- _Exercise_
In the data below, set down exactly the lines from the one containing "2017年11月24日下午,在E-106" up to and including the one containing "本报讯 (记者 李凤霞)". Leave the pictures out.

- _Input data_
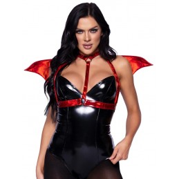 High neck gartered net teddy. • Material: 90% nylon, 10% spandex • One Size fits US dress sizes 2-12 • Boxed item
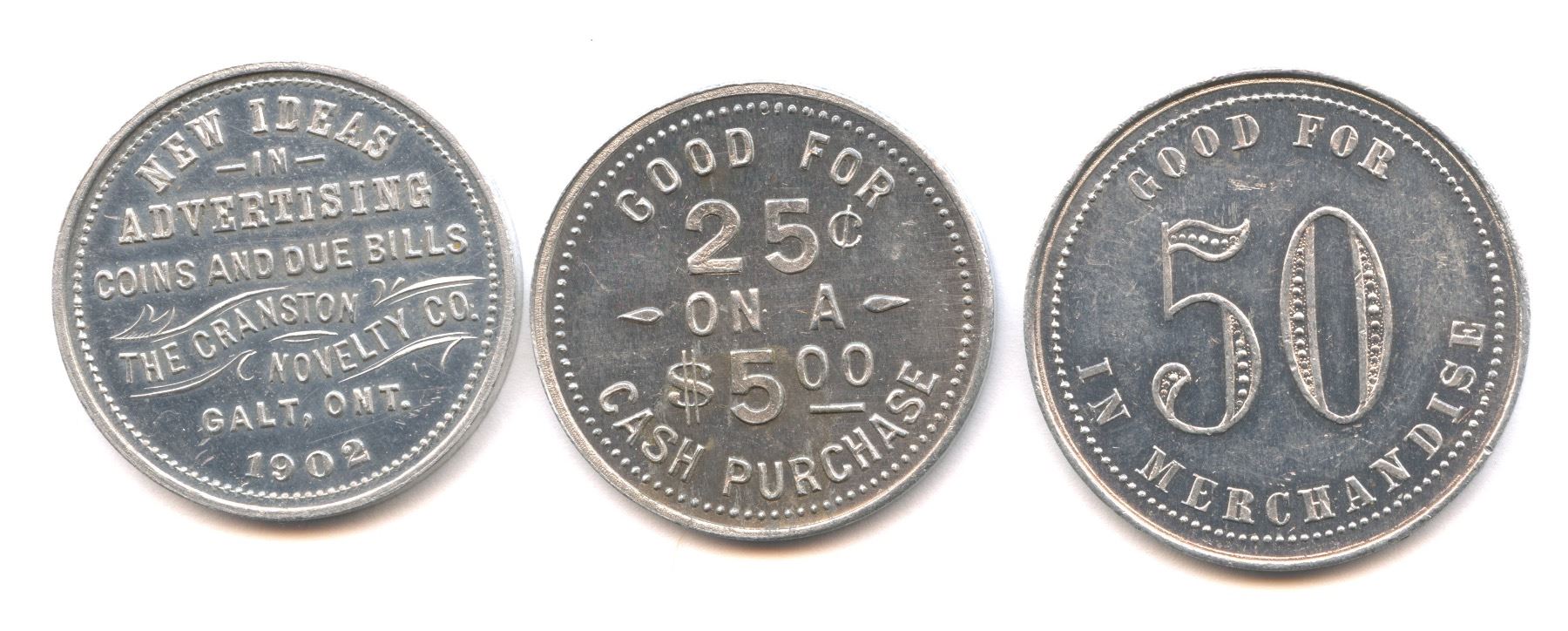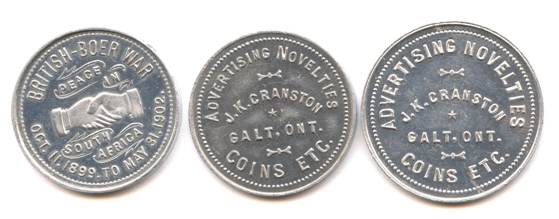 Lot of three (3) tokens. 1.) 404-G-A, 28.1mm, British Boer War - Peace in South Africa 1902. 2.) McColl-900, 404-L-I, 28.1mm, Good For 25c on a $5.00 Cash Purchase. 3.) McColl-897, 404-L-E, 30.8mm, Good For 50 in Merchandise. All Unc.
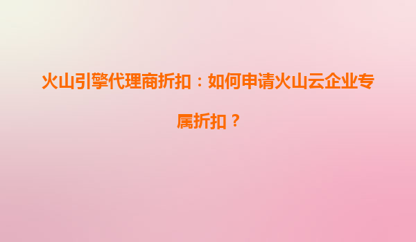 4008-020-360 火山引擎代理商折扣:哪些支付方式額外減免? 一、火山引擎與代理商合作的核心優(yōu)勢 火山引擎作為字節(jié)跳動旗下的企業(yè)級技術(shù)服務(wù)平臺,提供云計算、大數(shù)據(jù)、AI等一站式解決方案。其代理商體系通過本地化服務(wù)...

--

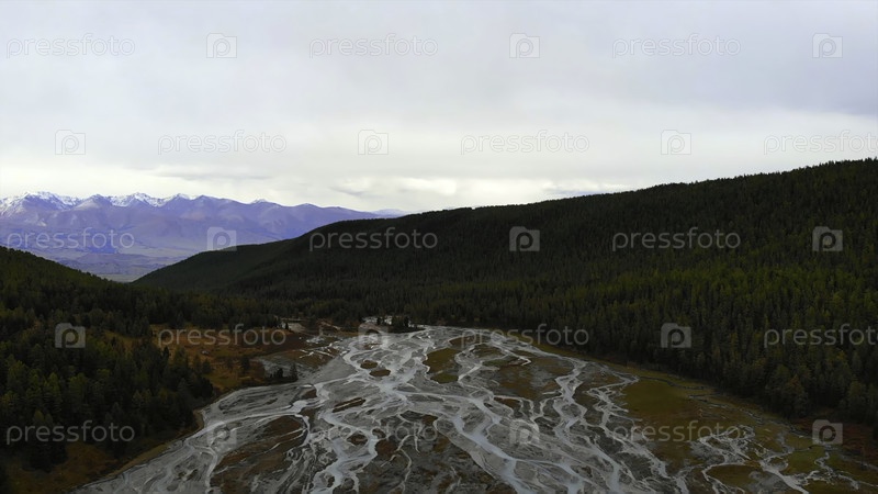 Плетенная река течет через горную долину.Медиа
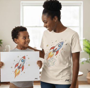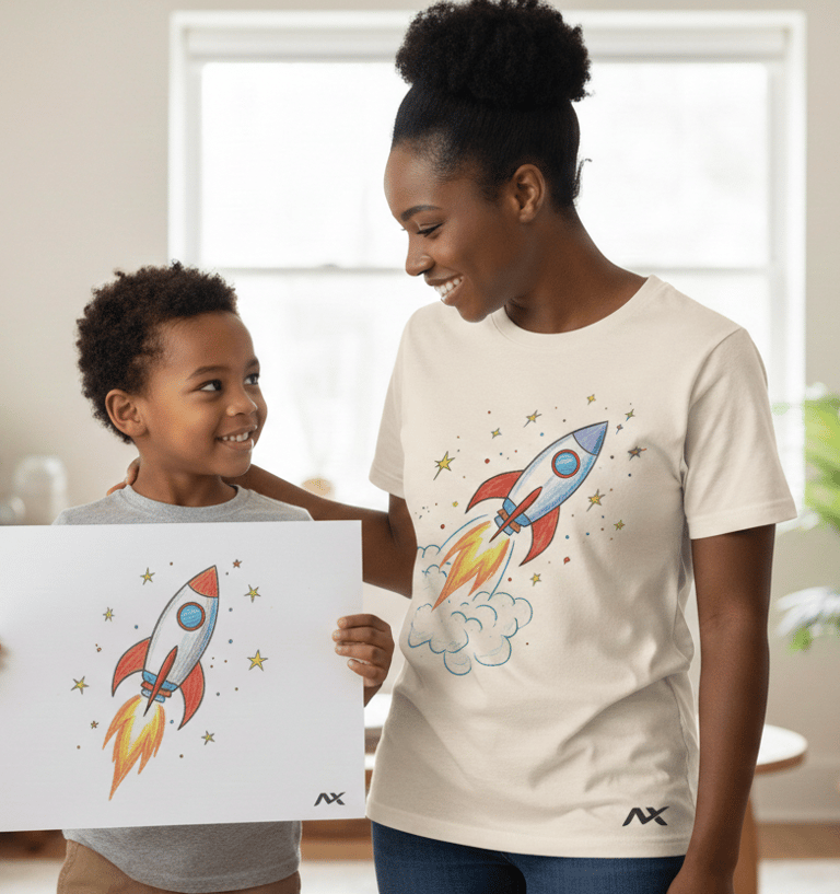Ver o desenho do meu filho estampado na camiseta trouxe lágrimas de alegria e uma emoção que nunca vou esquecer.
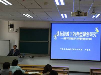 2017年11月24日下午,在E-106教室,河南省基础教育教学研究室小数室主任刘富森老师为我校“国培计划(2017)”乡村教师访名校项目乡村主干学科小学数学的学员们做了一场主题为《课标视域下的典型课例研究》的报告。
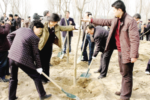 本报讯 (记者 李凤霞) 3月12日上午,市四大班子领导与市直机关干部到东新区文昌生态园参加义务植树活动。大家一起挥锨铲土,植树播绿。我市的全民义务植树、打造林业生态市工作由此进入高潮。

- _Response to this exercise_
 2017年11月24日下午,在E-106教室,河南省基础教育教学研究室小数室主任刘富森老师为我校“国培计划(2017)”乡村教师访名校项目乡村主干学科小学数学的学员们做了一场主题为《课标视域下的典型课例研究》的报告。
 本报讯 (记者 李凤霞) 3月12日上午,市四大班子领导与市直机关干部到东新区文昌生态园参加义务植树活动。大家一起挥锨铲土,植树播绿。我市的全民义务植树、打造林业生态市工作由此进入高潮。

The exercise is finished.